The Atlantic created a searchable database of the music used to train AI
The Atlantic created a searchable database of the music used to train AI
《大西洋月刊》创建了一个可搜索的数据库,用于展示训练 AI 所使用的音乐
Millions of tracks are freely available in datasets, even if they’re not supposed to be. 数以百万计的曲目在数据集中免费提供,尽管它们本不应出现在那里。
Atlantic reporter Alex Reisner recently uncovered four datasets of music being used to train AI models and made them fully searchable for the public. Two of the sets are absolutely enormous at 12 million and 9 million tracks. The other two are much smaller, but still represent a significant amount of training data at over 100,000 songs each. 《大西洋月刊》记者 Alex Reisner 最近发现了四个用于训练 AI 模型的音乐数据集,并将其制作成可供公众全面搜索的数据库。其中两个数据集规模极其庞大,分别包含 1200 万和 900 万首曲目。另外两个规模较小,但也分别包含超过 10 万首歌曲,代表了相当可观的训练数据量。

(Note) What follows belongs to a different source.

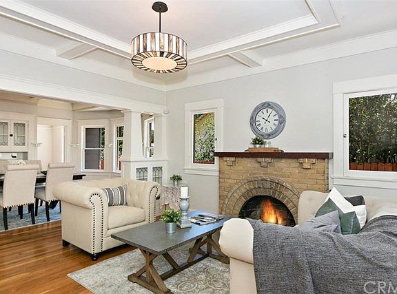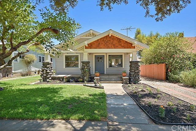 Fall in love with this stunning 1912 Craftsman Bungalow in Historic Upland! This beauty is a true Craftsman and has been completely restored and upgraded to keep its original charm. The wainscoting and dining room cabinets have been completely restored and brand new solid wood floors have been installed throughout the home. The bathroom includes the original clawfoot tub with new fixtures, tiled floor and walls. The kitchen has been updated to include new cabinets, quartz counters and stainless steel appliances. Amongst the many upgrades are a brand new roof and central a/c! Perfect for the summer heat! The backyard is huge with brand new sprinklers and has been seeded for grass. It also has a detached two car garage that has rebuilt sliding barn doors with spacious alley access for large vehicles. This home is hitting the market for the first time in over 50 years and is a must see!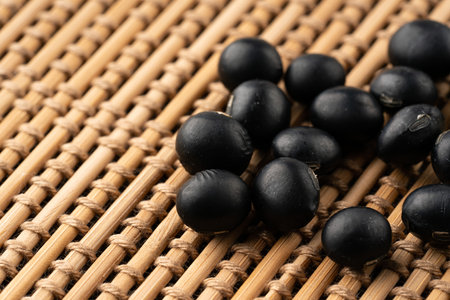 Shiny black kuromame beans, a traditional Japanese New Year's dish, are meticulously arranged in a decorative lacquered box.

According to Reisner, the sets have been downloaded thousands of times and, while it’s impossible to know exactly who has used them, Google and Stability have both confirmed they have in research papers. Some of the sources, like the Free Music Archive dataset, are free to stream for personal use but require licensing for commercial applications. 据 Reisner 称,这些数据集已被下载了数千次。虽然无法确切知道谁使用了它们,但 Google 和 Stability 公司已在研究论文中证实曾使用过这些数据。其中一些来源(如 Free Music Archive 数据集)虽然可供个人免费收听,但用于商业用途时则需要获得授权。

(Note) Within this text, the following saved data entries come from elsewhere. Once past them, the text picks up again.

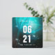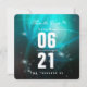 Save the Date Karte für die Hochzeitssuite Deep Sea Aqua. Füllen Sie den Wochentag, den Monat und den Tag in zweistelligen Zahlen aus, und das Jahr, das auf der Vorderseite angegeben ist. Die Namen des Ehepaares gehen auf die Rückseite.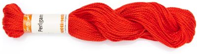 buttinette Perlgarn, Farbe: rot, 25 g-Stränge in Stärke 5 für die Plattstiche und in Stärke 8 für alle Stege und Füllungen. Material: 100 % Baumwolle.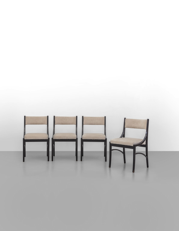Legno laccato sedile e schienale imbottiti rivestiti in velluto.

While the datasets are freely available on the internet in theory, using them as training data is not as simple as downloading a ZIP file and feeding it to an AI model. As Reisner explains: 虽然这些数据集在理论上可以在互联网上免费获取,但将它们用作训练数据并不像下载一个 ZIP 文件并将其喂给 AI 模型那么简单。正如 Reisner 所解释的那样:
Three of the datasets I found are distributed as a list of links to songs on YouTube or Spotify. AI developers download the actual audio using tools that automate the job, some of which allow developers to bypass logins, advertisements, and mechanisms that might earn money or subscribers for creators. Such tools violate the terms of service of these platforms. “我发现的其中三个数据集是以 YouTube 或 Spotify 上的歌曲链接列表形式分发的。AI 开发人员使用自动化工具下载实际音频,其中一些工具允许开发人员绕过登录、广告以及可能为创作者带来收入或订阅者的机制。这些工具违反了这些平台的服务条款。”
Names that pop up in the dataset range from pop stars like Lady Gaga and Fred Again.., to Radiohead, Aphex Twin, Wu-Tang Clan, Bruce Springsteen, and experimental composer Hainbach. You can hop over to the Atlantic’s AI Watchdog site and search through the songs, books, and other media being used to train the world’s AI models yourself. 数据集中出现的名单范围很广,从 Lady Gaga 和 Fred Again.. 等流行歌星,到 Radiohead、Aphex Twin、Wu-Tang Clan、Bruce Springsteen 以及实验作曲家 Hainbach 等。你可以前往《大西洋月刊》的“AI 监督”(AI Watchdog)网站,亲自搜索用于训练全球 AI 模型的歌曲、书籍和其他媒体内容。